Problem details: After finding the line with "Chunky Metal Tone Bow Post Drop Earrings" in the data below, set down exactly each line through the one with "Red Milled Scorpion", inclusive, and stop there.

Given data:

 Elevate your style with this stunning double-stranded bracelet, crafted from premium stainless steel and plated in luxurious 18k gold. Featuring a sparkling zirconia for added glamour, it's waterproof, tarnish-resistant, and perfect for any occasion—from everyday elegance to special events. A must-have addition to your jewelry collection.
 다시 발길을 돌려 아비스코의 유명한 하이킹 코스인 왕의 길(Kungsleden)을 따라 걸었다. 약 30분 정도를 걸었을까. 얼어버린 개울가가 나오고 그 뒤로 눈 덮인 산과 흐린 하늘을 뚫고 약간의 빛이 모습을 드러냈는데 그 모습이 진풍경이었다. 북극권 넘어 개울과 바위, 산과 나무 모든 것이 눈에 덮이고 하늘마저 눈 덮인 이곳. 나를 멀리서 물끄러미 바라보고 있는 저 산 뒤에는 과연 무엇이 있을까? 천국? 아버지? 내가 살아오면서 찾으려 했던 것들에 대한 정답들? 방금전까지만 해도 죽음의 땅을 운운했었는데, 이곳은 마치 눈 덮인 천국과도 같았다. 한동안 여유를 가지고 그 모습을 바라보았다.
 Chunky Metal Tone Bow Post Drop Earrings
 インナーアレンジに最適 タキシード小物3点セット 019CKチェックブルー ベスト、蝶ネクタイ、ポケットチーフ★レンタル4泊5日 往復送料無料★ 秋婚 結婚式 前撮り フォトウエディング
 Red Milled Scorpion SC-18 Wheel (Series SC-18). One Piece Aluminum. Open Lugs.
* * *
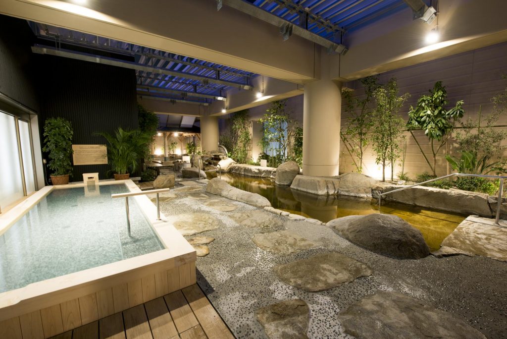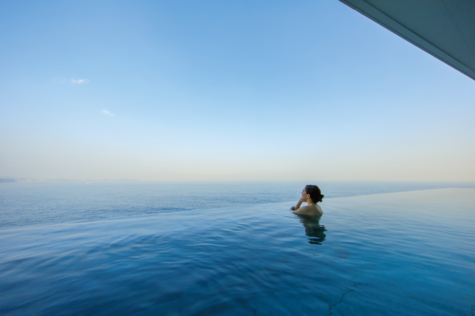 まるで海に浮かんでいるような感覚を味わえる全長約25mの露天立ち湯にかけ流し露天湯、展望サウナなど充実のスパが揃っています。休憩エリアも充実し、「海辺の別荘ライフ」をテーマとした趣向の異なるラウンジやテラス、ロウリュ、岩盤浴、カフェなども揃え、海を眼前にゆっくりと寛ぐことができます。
...
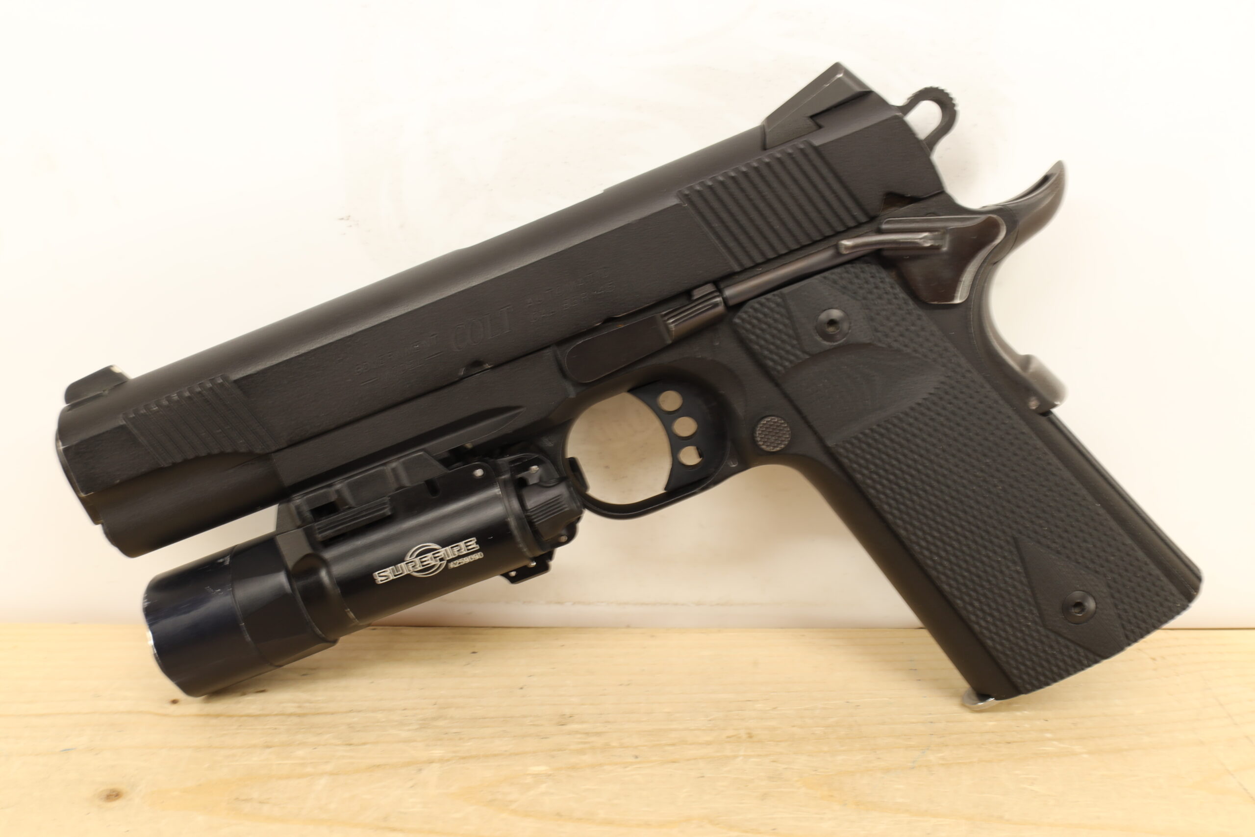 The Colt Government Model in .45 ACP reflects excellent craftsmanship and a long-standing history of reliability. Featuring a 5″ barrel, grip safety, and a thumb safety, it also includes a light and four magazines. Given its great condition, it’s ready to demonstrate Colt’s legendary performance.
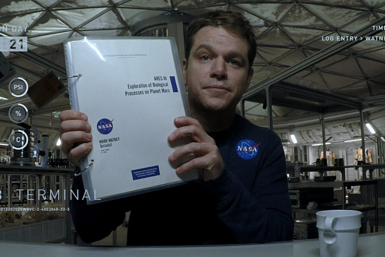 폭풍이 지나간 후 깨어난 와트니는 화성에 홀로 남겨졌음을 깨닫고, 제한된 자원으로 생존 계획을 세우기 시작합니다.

Response for this exercise:
 Chunky Metal Tone Bow Post Drop Earrings
 インナーアレンジに最適 タキシード小物3点セット 019CKチェックブルー ベスト、蝶ネクタイ、ポケットチーフ★レンタル4泊5日 往復送料無料★ 秋婚 結婚式 前撮り フォトウエディング
 Red Milled Scorpion SC-18 Wheel (Series SC-18). One Piece Aluminum. Open Lugs.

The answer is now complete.